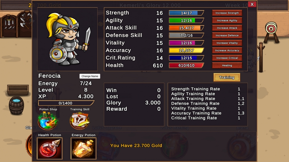 2.选择不同类型的角斗士,如剑士、盾战士、弓箭手等,每种角色都有独特的技能和武器。
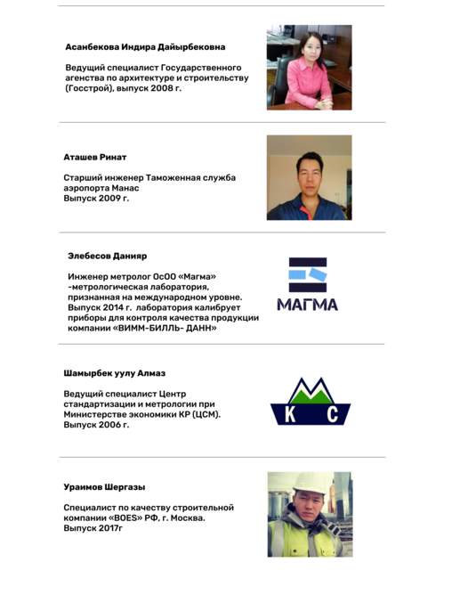 Бүтүрүүчүлөр эмгектенген жерлер:
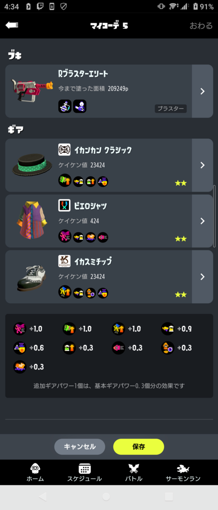 人によってイカ速減らしてサブ性能増やしたりするけど、ラピエリの基本はこんな感じだろう
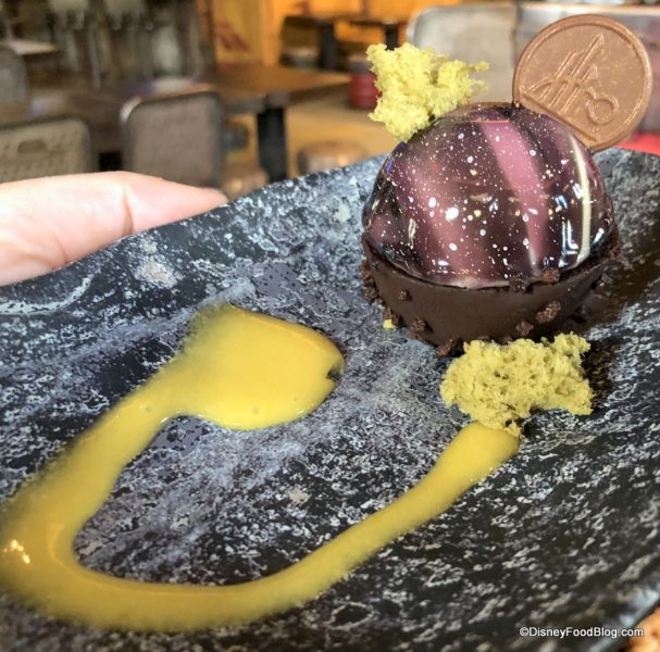 The Batuu-bon was a dense, brownie-like cake that reminded us of flourless cake. (Note, this is not listed on the online menu as Gluten/Wheat-Allergy Friendly, so check with the cast members when you order!)
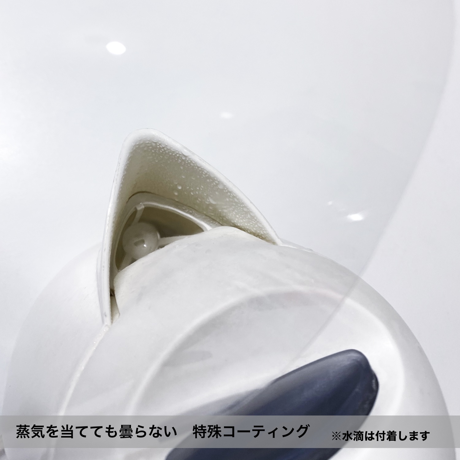 メガネをしていても問題なく着用できること、小学生のお子様から大人までどなたでも使用できるフリーサイズであること、目からシールドまでのクリアランスが十分に確保されていて圧迫感がないことなど、数多くの特徴があるほか、曇り止め加工により、シールドの透明度を高めたことで、着用者の表情が口元がはっきりと見えるのも大きなポイントです。スマートフォンの顔認証もお使いいただけます。
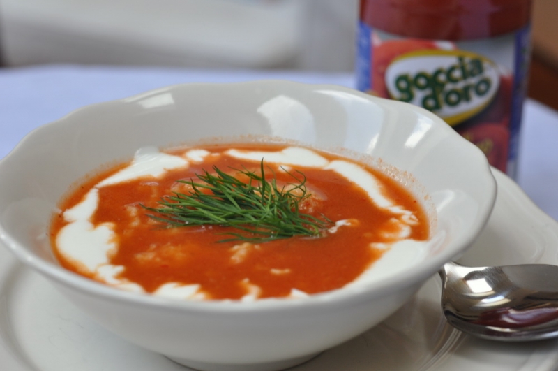 Zupa pomidorowa z sosem pomidorowym Passata di Pomodoro Goccia d’oro z kluseczkami z lanego ciasta
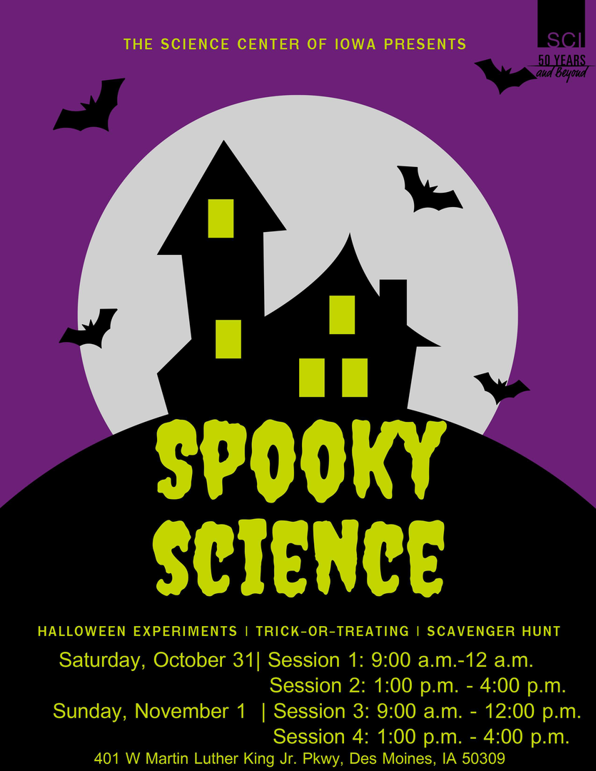 See the attached informational flyer that our students created as part of their marketing campaign. These students would love to see some Southeast Polk families at the Science Center for a spooky, fun time exploring science!
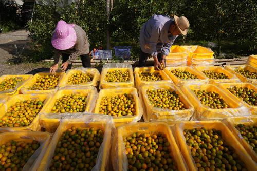 初冬时节,广西柳州市融水苗族自治县脆蜜金桔迎来丰收季,果农们抓住晴好天气采摘、分拣、运输,供应市场,果园里一片繁忙。近年来,广西柳州市融水苗族自治县通过建设脆蜜金桔标准化种植基地、拓展脆蜜金桔产业链条、探索“公司+基地+农户”发展模式等举措,推动脆蜜金桔产业高质量发展,带动农民增收致富,助推乡村振兴。
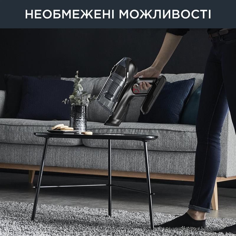 Потужність всмоктування до 200 Вт повітря (у режимі Boost), автономність до 1 години 10 хвилин (у разі використання ручного пилососа в режимі Eco), вдосконалена фільтрація до 99,9% пилу й алергенів.
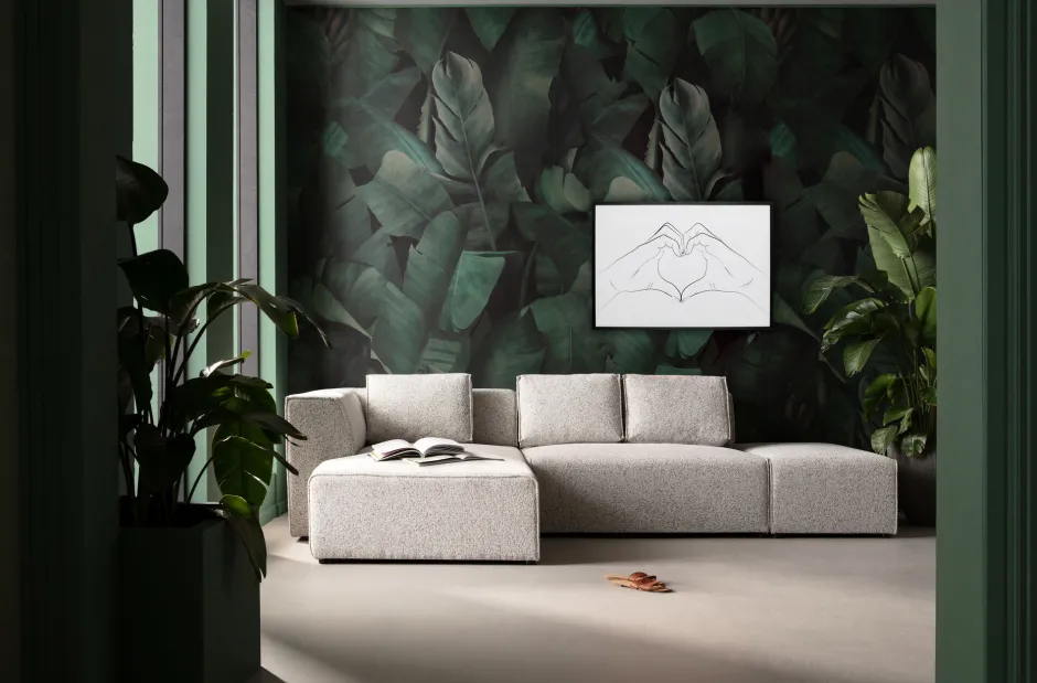 - Das Motiv der beiden Hände in Herz-Form begeistert durch zarte Linienführung
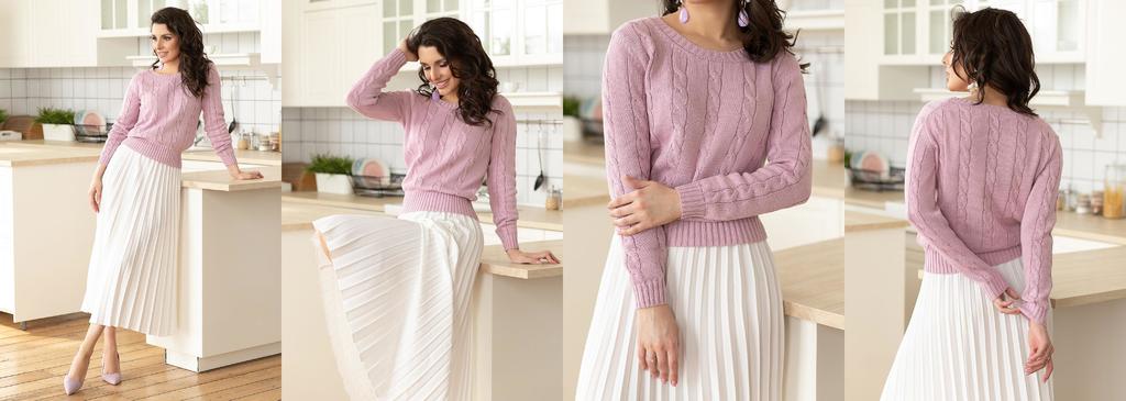 Трикотажные джемпер полуприлегающего силуэта длиной до линии бедра с фактурной вязкой по переду. Рукав втачной прямого покроя стандартной длины. Вырез горловины круглый. Размеры выбираются в соответст... Показать описаниевии с обхватом по груди согласно ГОСТ 17522-72 о типовых фигурах женщин. 42й размер соответствует Ог=84 см. Стандартный обхват бёдер при этом 92см. 44й размер соответствует Ог=88 см. Стандартный обхват бёдер при этом 96см. 46й размер соответствует Ог=92 см. Стандартный обхват бёдер при этом 100см. 48й размер соответствует Ог=96 см. Стандартный обхват бёдер при этом 104см. 50й размер соответствует Ог=100 см. Стандартный обхват бёдер при этом 108см. 52й размер соответствует Ог=104 см. Стандартный обхват бёдер при этом 112см. 54й размер соответствует Ог=108см. Стандартный обхват бёдер при этом 116см. Фабрика производит изделия на рост 170 см. Большинство изделий при стандартных обхватах подойдут на роста 165-175 см.
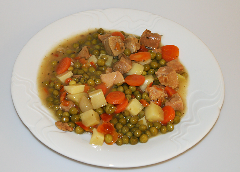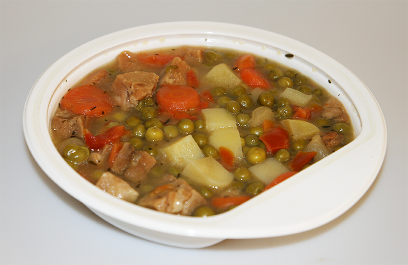 Složení: dušená krůta 25% (krůtí maso, voda, glukóza, sůl, modifikovaný škrob), hrášek 23%, brambory 16%, voda, mrkev 8%, rajčata 6%, cibule 3%, kysaná smetana, bílé víno, citrónová šťáva, řepkový olej, kuřecí bujón (sůl, aroma, kuřecí tuk, kvasničný extrakt, koření, sušená zelenina), sůl, česnek, cukr, pepř, bobkový list. Zahušťovadla: dietní rozpustné vlákniny (guma guar a xanthanová guma).
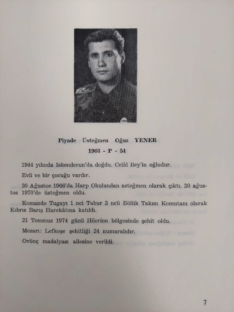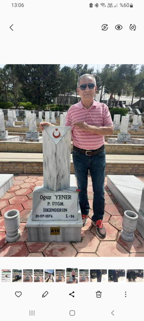 3 Ağustos 1974’de, savaş içinde alel acele oluşturulan BOĞAZ ŞEHİTLİĞİ’NDE yatan çocukluk arkadaşı Şht. Üsteğmen Oğuz Yener’in mezarını ziyaret etmek için şehitliğe gitti. 20 Temmuzu 21 Temmuza bağlayan gece Rum 31. Komando taburunun işgal + Türker Yalçın şimdiki şehitlikte
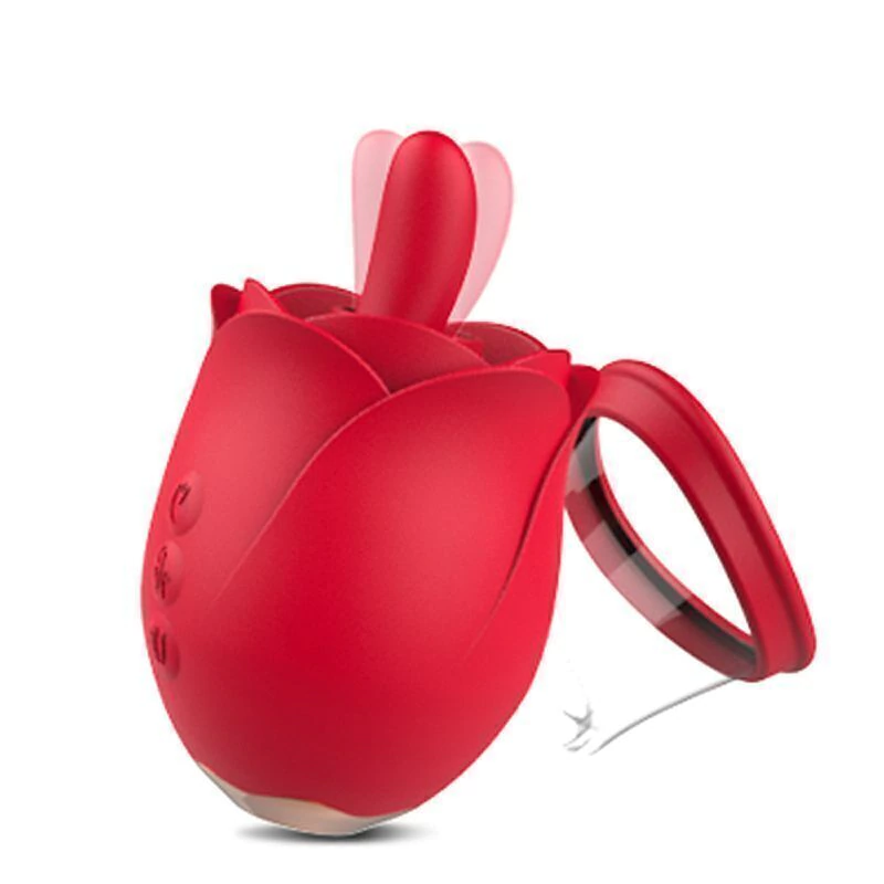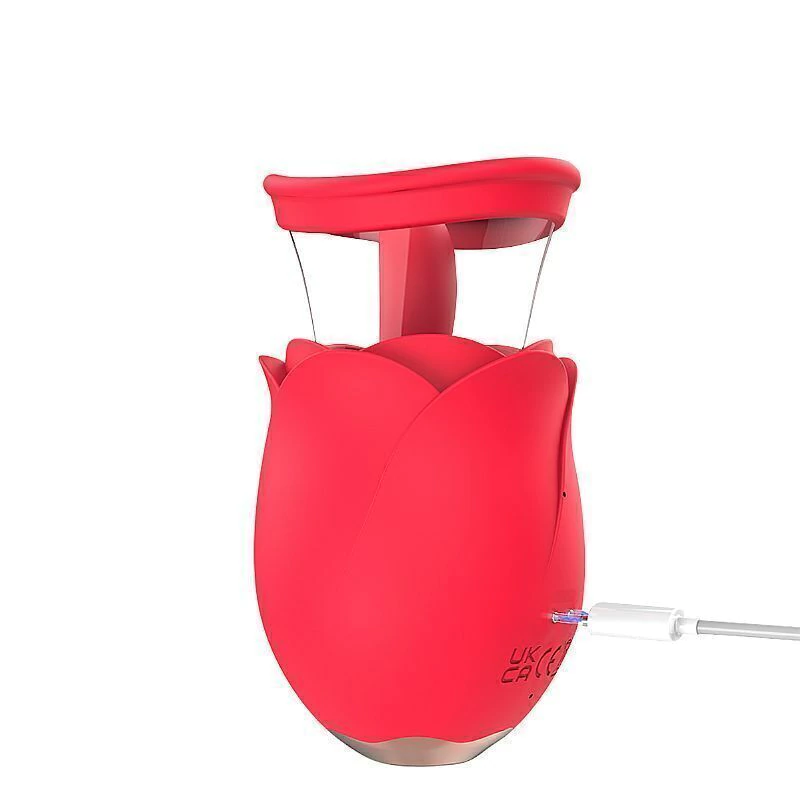 Vibrador de clitóris em formato de rosa - Possui 4 Modos de sucção, 9 modos de estimulação de língua e 9 modos de vibração.

◆ ◆ ◆

§ **Exercise brief**
Above are the records; copy from them only the lines starting at the one containing "Zupa pomidorowa z" and ending at the one containing "- Das Motiv", exactly and without pictures.

§ **Exercise solution**
 Zupa pomidorowa z sosem pomidorowym Passata di Pomodoro Goccia d’oro z kluseczkami z lanego ciasta
 See the attached informational flyer that our students created as part of their marketing campaign. These students would love to see some Southeast Polk families at the Science Center for a spooky, fun time exploring science!
 初冬时节,广西柳州市融水苗族自治县脆蜜金桔迎来丰收季,果农们抓住晴好天气采摘、分拣、运输,供应市场,果园里一片繁忙。近年来,广西柳州市融水苗族自治县通过建设脆蜜金桔标准化种植基地、拓展脆蜜金桔产业链条、探索“公司+基地+农户”发展模式等举措,推动脆蜜金桔产业高质量发展,带动农民增收致富,助推乡村振兴。
 Потужність всмоктування до 200 Вт повітря (у режимі Boost), автономність до 1 години 10 хвилин (у разі використання ручного пилососа в режимі Eco), вдосконалена фільтрація до 99,9% пилу й алергенів.
 - Das Motiv der beiden Hände in Herz-Form begeistert durch zarte Linienführung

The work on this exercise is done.